Quality control of sequencing data

Source: Internet
Author: User

Based on the Edge Synthesis edge sequencing (sequencing by SYNTHESIS,SBS) technology, the Illumina HiSeq2500 high-throughput sequencing platform enables the sequencing of cDNA libraries to produce a large number of quality reads, These reads or bases produced by the sequencing platform are known as raw data, and most of their base quality scores can reach or exceed Q30. Raw data is typically provided in the FASTQ format, and raw data for each sequencing sample includes two FASTQ files, each containing a reads measured at both ends of the cDNA fragment.

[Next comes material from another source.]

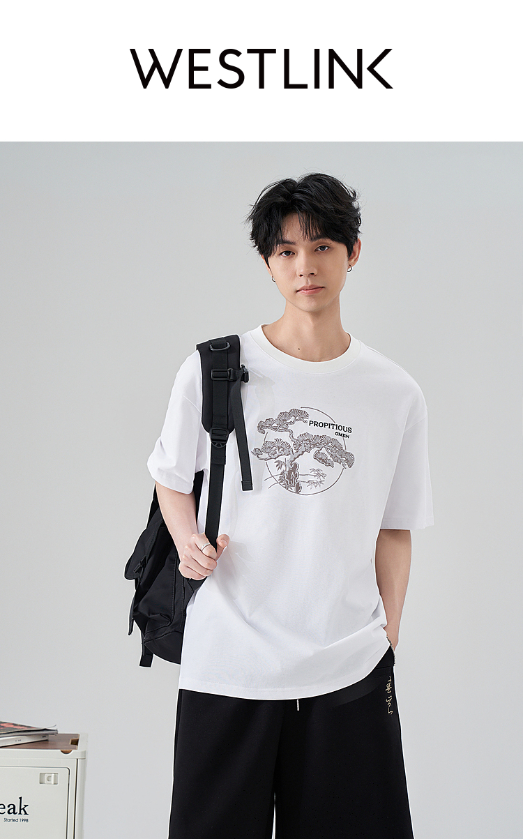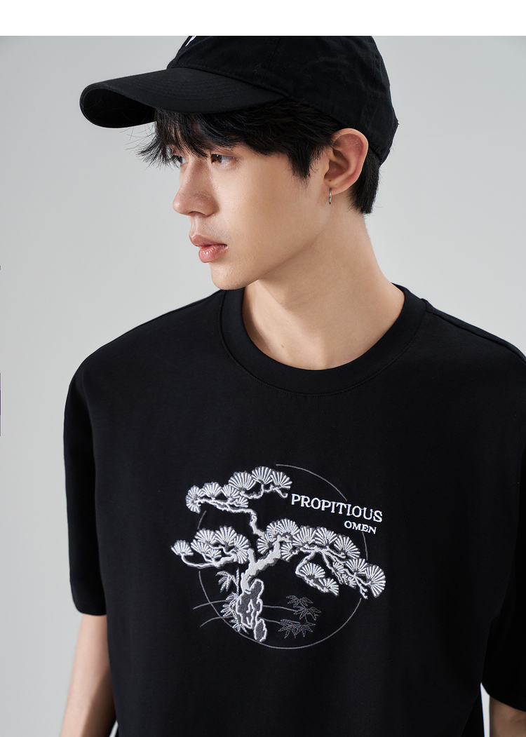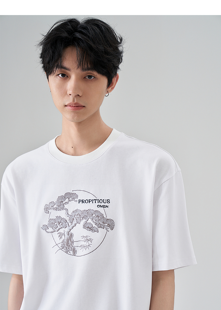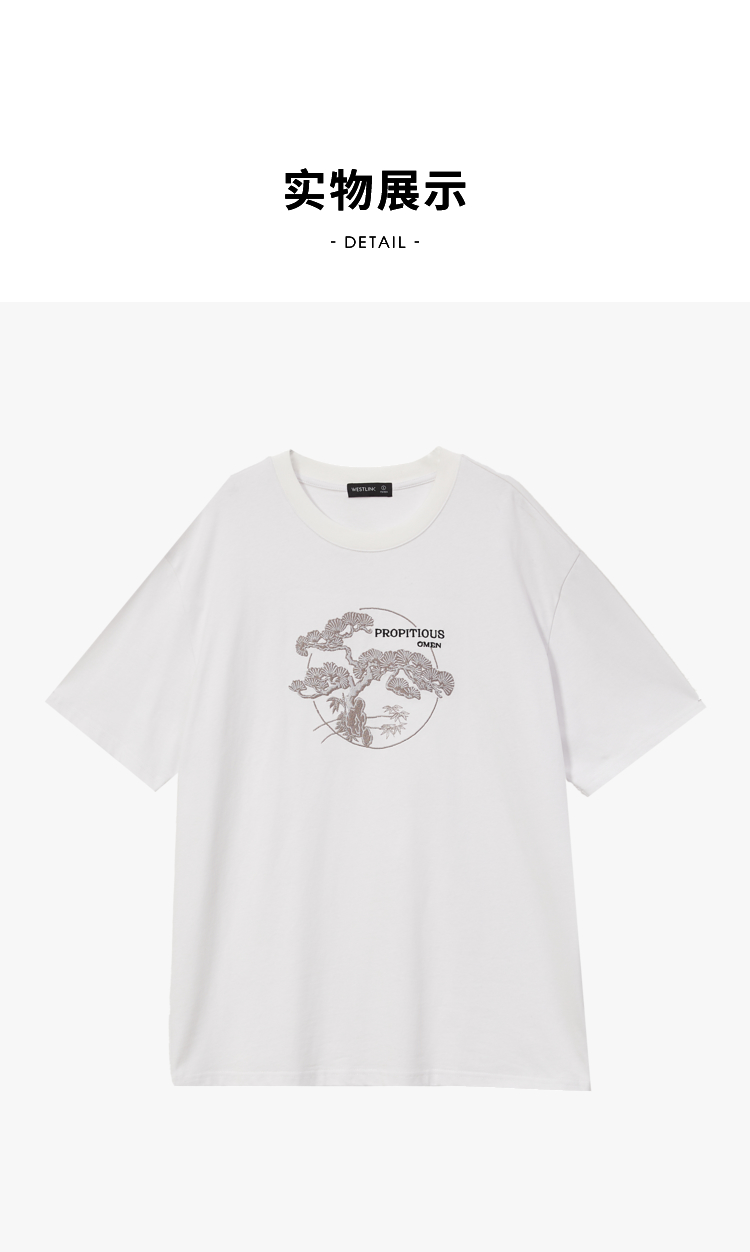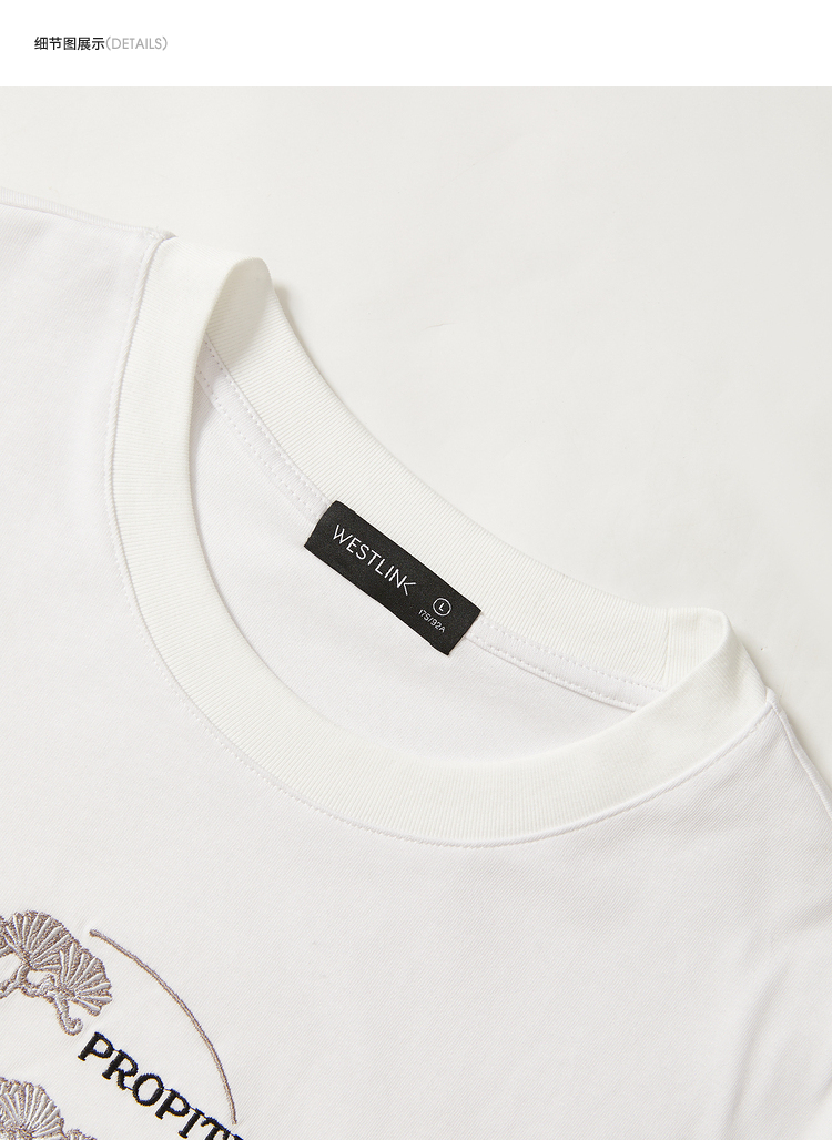 西遇国风精致绣花圆领男士T恤早春新款百搭简约宽松短袖上衣12545820

FASTQ format files are as follows:

FASTQ Format Files

Note: The FASTQ file typically corresponds to one sequence unit per 4 lines: The first line begins with @, followed by the sequence identification (ID) and other optional descriptive information , and the second behavior base sequence, or reads; the third line begins with "+", followed by optional description information , the fourth behavior reads each base corresponding to the quality score code, the length must be the same as the reads sequence length .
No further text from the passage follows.